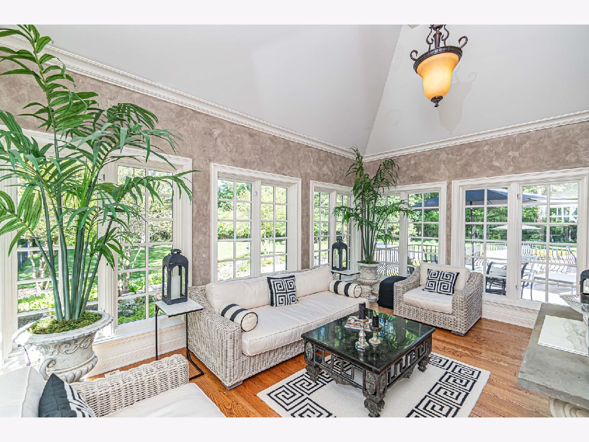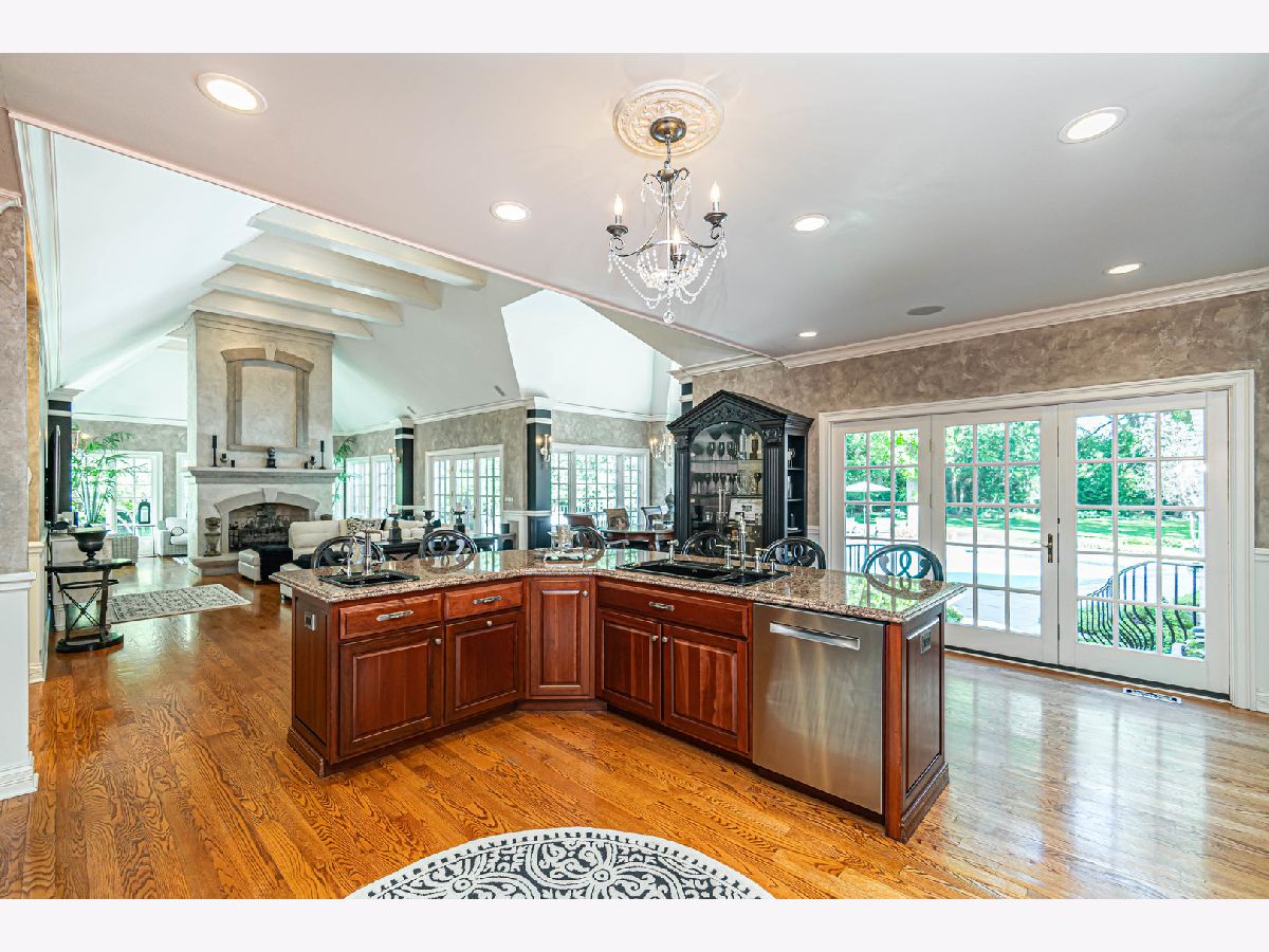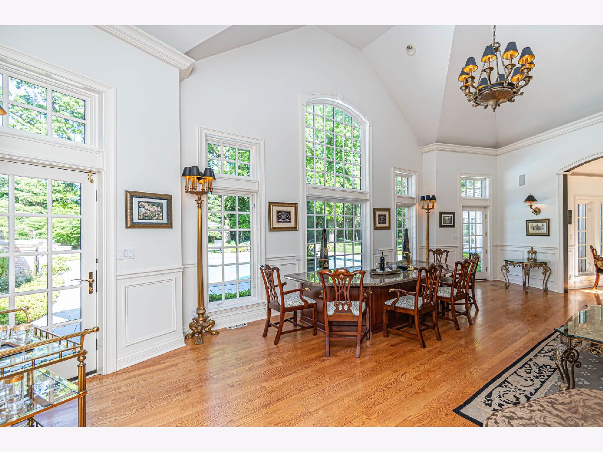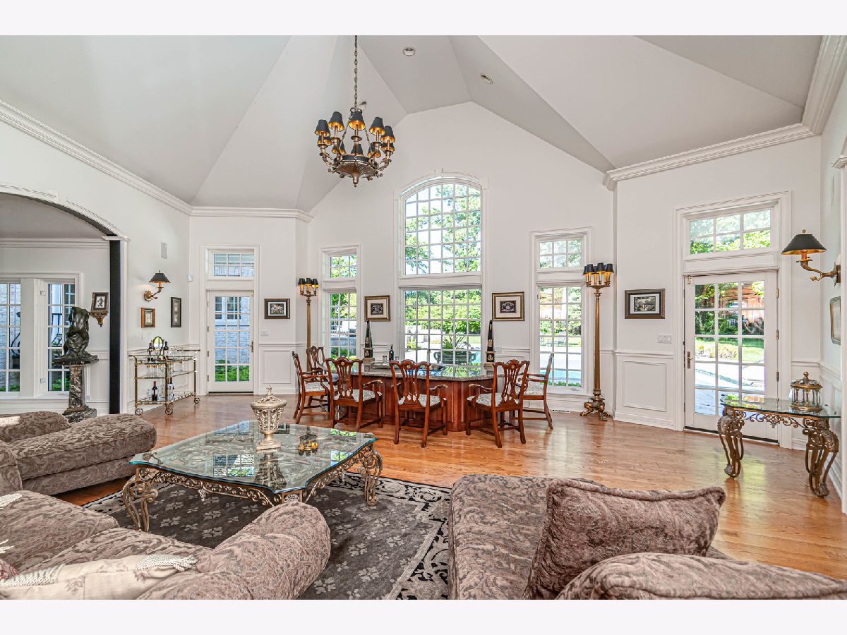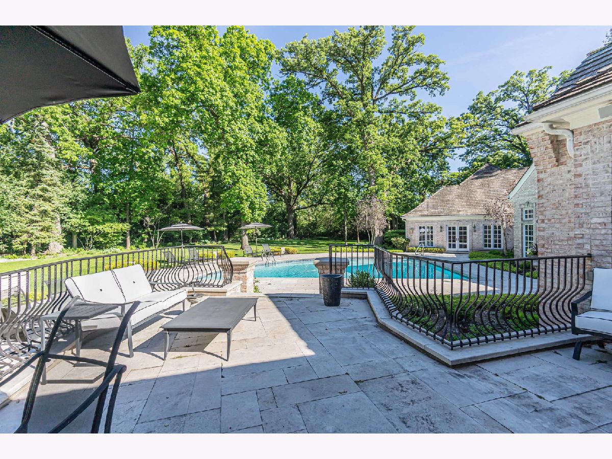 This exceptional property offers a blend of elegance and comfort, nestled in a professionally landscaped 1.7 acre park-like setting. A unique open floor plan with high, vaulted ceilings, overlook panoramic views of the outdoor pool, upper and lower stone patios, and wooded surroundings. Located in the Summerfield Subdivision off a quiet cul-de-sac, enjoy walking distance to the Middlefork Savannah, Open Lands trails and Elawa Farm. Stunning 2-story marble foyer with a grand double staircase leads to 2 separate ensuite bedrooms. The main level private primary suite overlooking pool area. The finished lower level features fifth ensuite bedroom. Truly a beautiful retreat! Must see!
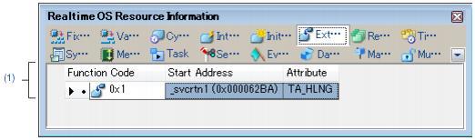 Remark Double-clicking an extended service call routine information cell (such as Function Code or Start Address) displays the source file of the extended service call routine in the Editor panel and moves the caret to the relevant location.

---

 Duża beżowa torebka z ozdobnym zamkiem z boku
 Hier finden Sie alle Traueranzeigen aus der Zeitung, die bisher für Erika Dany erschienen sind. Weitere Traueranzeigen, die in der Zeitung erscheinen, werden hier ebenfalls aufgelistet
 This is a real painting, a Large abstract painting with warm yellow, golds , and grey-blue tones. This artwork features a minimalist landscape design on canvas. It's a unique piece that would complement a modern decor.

---

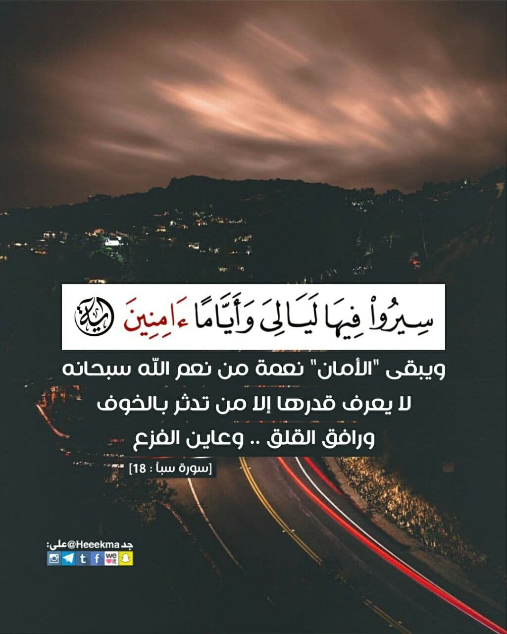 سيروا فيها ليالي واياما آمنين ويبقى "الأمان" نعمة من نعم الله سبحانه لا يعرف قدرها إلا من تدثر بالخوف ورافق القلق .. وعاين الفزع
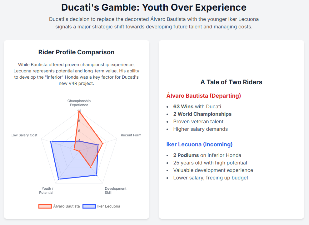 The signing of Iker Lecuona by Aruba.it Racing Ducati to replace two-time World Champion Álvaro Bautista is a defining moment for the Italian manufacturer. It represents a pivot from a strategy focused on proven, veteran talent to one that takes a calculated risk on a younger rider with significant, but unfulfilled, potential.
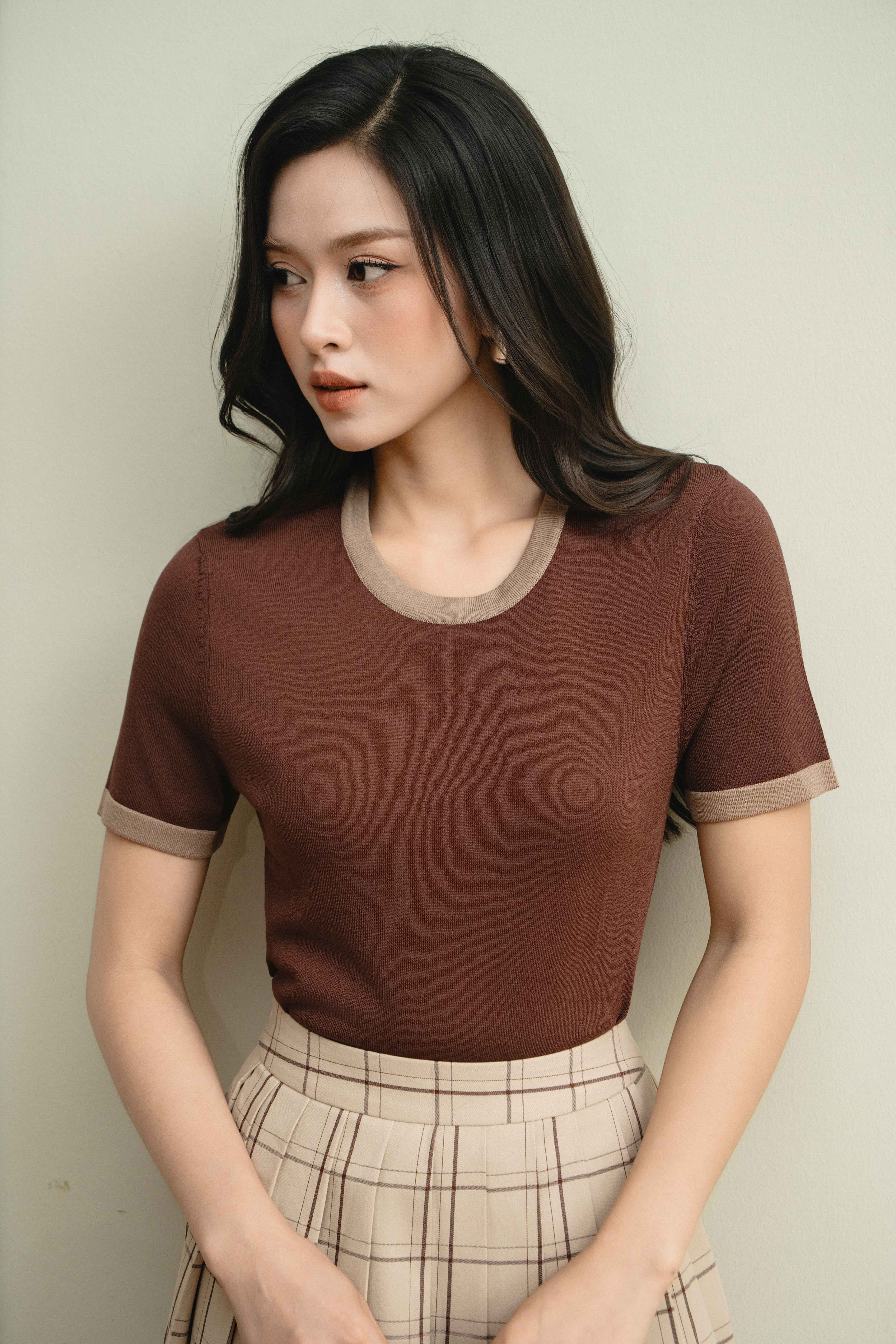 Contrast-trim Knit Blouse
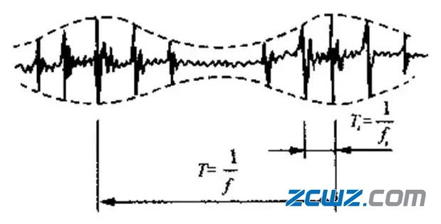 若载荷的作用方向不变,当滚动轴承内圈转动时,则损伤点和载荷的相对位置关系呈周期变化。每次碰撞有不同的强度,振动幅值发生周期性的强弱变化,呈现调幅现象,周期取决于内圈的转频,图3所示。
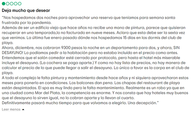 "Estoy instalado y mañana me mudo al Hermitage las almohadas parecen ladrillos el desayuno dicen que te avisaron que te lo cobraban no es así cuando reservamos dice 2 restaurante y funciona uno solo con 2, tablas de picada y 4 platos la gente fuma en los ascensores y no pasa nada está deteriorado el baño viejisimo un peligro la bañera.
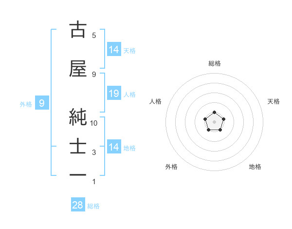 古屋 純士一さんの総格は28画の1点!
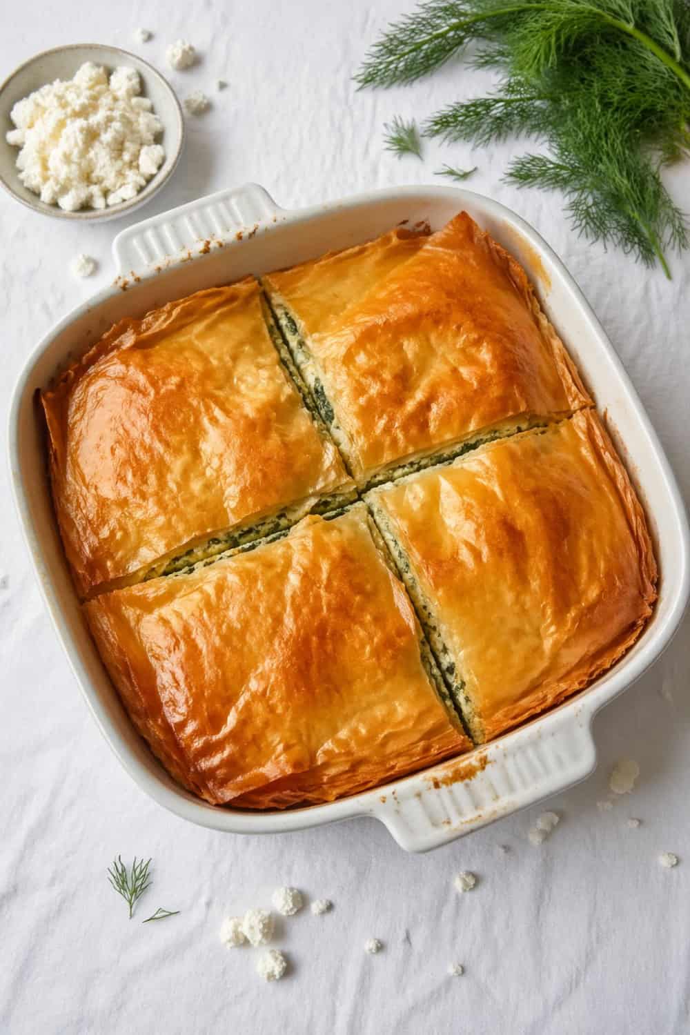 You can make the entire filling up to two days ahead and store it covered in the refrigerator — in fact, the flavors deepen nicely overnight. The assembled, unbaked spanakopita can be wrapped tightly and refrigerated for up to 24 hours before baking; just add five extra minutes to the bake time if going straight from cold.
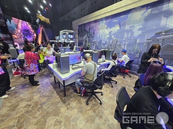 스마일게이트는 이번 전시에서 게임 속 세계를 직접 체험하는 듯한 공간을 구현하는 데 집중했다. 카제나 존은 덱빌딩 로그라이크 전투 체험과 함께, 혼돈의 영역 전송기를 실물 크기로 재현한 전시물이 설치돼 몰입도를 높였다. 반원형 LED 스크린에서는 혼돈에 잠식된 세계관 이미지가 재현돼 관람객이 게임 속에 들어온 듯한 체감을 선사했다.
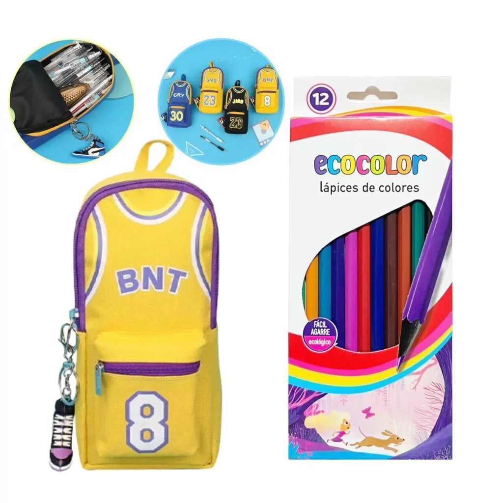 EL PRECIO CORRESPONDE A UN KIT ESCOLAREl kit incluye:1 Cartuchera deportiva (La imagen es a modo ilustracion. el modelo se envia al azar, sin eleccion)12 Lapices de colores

## TRY IT:
Starting at the line with "若载荷的作用方向不变,当滚动" and finishing at the line with "古屋 純士一さんの総格は28画の1点!", copy the material above exactly, both lines included. Nothing else goes in, and no pictures.

## OUTPUT FOR THIS EXERCISE:
 若载荷的作用方向不变,当滚动轴承内圈转动时,则损伤点和载荷的相对位置关系呈周期变化。每次碰撞有不同的强度,振动幅值发生周期性的强弱变化,呈现调幅现象,周期取决于内圈的转频,图3所示。
 "Estoy instalado y mañana me mudo al Hermitage las almohadas parecen ladrillos el desayuno dicen que te avisaron que te lo cobraban no es así cuando reservamos dice 2 restaurante y funciona uno solo con 2, tablas de picada y 4 platos la gente fuma en los ascensores y no pasa nada está deteriorado el baño viejisimo un peligro la bañera.
 古屋 純士一さんの総格は28画の1点!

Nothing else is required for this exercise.